### SOURCE MATERIAL

----------------

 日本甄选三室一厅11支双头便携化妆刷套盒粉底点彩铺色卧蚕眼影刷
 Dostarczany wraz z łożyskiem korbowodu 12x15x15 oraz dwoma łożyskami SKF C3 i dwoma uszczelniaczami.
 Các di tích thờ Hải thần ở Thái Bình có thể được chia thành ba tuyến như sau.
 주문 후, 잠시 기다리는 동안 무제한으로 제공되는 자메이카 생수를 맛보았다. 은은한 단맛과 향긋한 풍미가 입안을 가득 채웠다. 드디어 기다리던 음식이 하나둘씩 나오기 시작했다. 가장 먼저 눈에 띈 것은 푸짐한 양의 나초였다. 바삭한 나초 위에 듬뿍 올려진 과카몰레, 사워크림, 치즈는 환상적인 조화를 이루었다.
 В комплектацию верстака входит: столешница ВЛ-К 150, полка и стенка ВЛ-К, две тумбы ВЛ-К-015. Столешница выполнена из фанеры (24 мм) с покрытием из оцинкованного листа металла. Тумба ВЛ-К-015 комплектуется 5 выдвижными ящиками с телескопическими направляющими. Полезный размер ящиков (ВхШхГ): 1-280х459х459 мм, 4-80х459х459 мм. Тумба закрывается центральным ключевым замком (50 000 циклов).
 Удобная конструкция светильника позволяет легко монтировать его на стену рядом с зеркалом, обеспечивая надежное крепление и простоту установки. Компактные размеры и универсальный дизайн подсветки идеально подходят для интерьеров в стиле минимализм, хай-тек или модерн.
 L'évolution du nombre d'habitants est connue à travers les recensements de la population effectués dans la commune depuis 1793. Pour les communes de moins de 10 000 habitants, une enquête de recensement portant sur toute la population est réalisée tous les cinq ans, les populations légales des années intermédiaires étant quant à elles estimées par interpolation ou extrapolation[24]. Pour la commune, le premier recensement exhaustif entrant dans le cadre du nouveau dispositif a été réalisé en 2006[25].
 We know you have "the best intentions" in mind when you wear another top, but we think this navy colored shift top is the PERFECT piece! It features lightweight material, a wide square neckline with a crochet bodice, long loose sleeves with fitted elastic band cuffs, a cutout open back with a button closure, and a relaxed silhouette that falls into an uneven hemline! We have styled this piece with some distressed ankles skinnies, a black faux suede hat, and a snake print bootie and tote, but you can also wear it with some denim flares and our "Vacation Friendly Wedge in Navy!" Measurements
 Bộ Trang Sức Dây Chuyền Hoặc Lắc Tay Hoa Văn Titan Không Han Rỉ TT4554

----------------

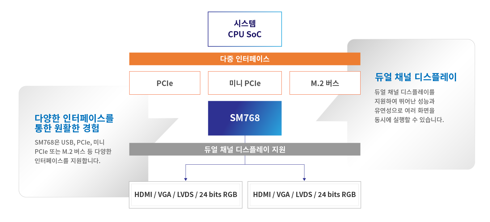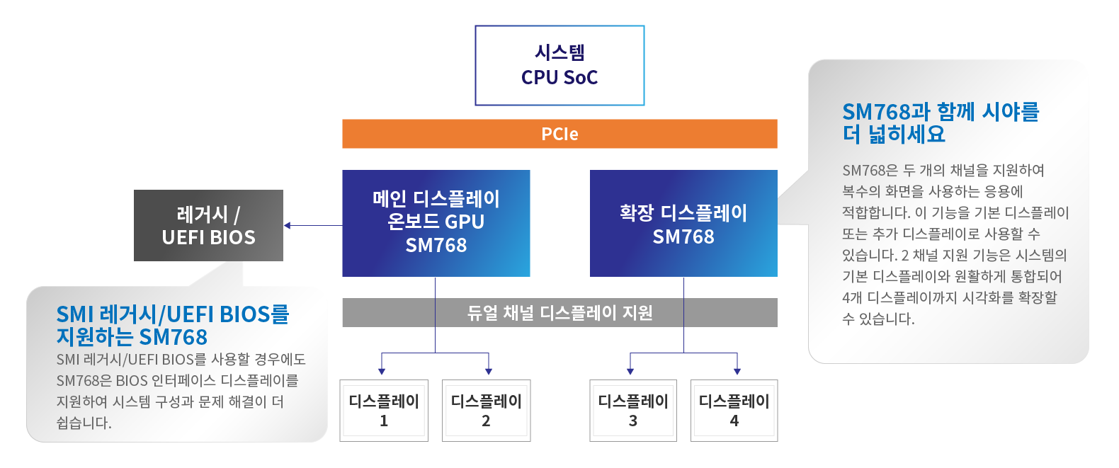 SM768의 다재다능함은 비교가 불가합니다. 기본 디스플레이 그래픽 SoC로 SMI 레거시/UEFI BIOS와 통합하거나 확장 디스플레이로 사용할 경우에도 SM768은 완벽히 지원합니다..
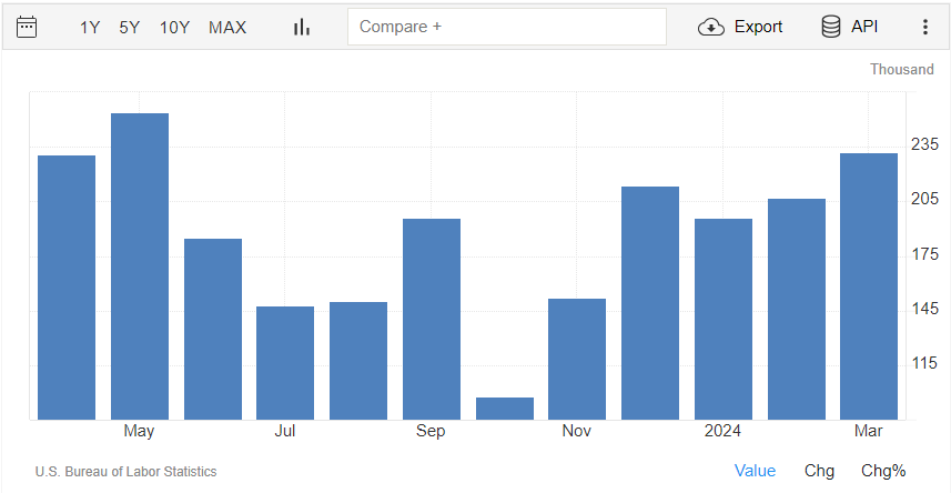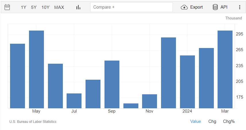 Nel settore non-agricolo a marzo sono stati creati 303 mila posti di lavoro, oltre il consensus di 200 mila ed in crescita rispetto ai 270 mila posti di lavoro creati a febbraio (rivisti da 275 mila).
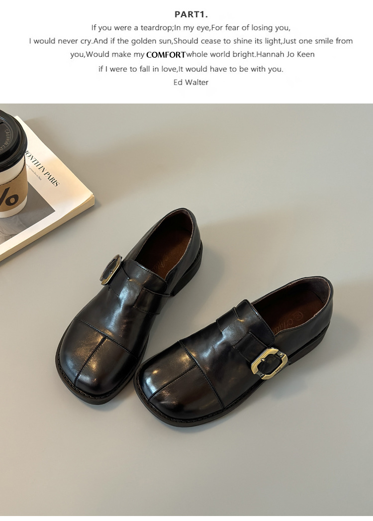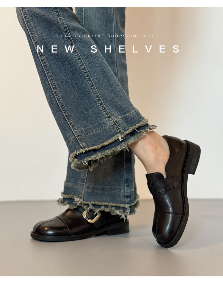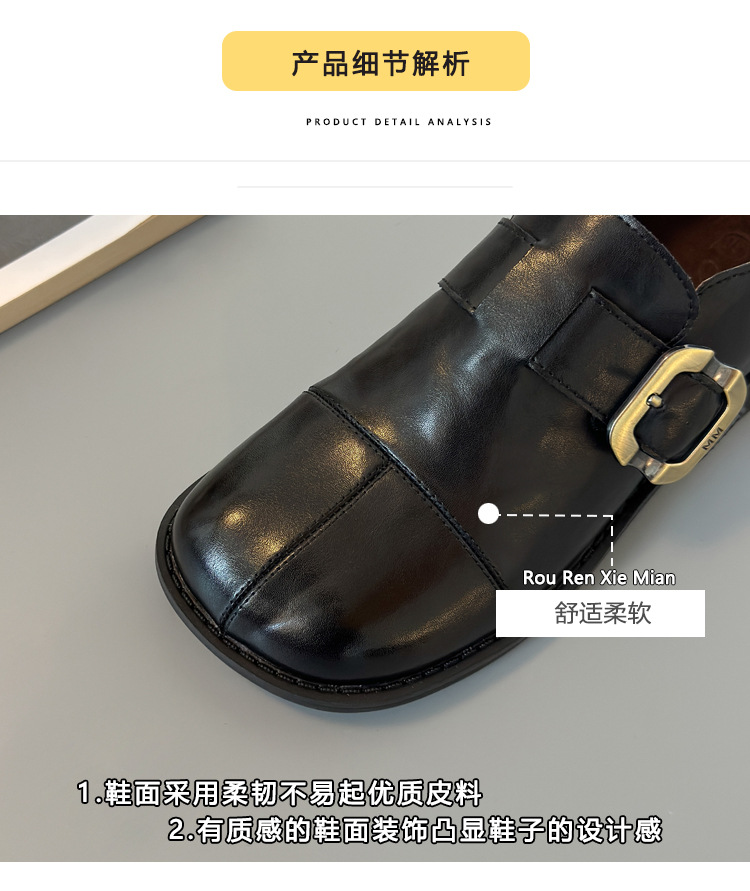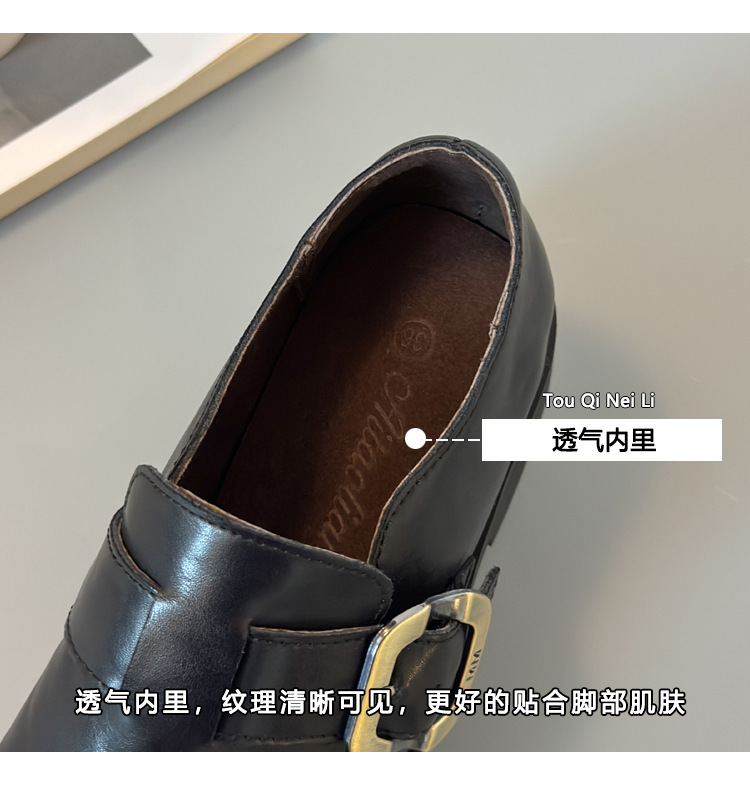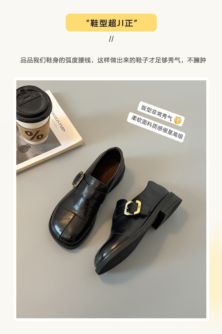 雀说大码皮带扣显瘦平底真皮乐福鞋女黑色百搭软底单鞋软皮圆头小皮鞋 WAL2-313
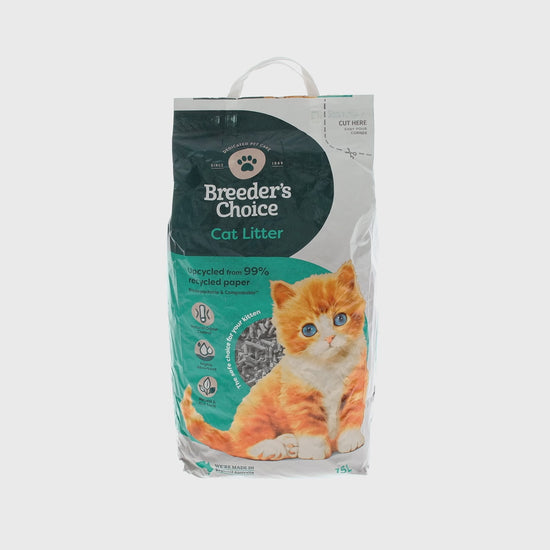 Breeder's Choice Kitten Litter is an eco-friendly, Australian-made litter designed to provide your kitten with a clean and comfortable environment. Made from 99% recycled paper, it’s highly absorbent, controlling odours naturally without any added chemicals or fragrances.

----------------

### ASSIGNMENT
From the line holding "주문 후, 잠시 기다리는" to the line holding "В комплектацию верстака", inclusive, restate each line above exactly as written.

### THE ANSWER
 주문 후, 잠시 기다리는 동안 무제한으로 제공되는 자메이카 생수를 맛보았다. 은은한 단맛과 향긋한 풍미가 입안을 가득 채웠다. 드디어 기다리던 음식이 하나둘씩 나오기 시작했다. 가장 먼저 눈에 띈 것은 푸짐한 양의 나초였다. 바삭한 나초 위에 듬뿍 올려진 과카몰레, 사워크림, 치즈는 환상적인 조화를 이루었다.
 В комплектацию верстака входит: столешница ВЛ-К 150, полка и стенка ВЛ-К, две тумбы ВЛ-К-015. Столешница выполнена из фанеры (24 мм) с покрытием из оцинкованного листа металла. Тумба ВЛ-К-015 комплектуется 5 выдвижными ящиками с телескопическими направляющими. Полезный размер ящиков (ВхШхГ): 1-280х459х459 мм, 4-80х459х459 мм. Тумба закрывается центральным ключевым замком (50 000 циклов).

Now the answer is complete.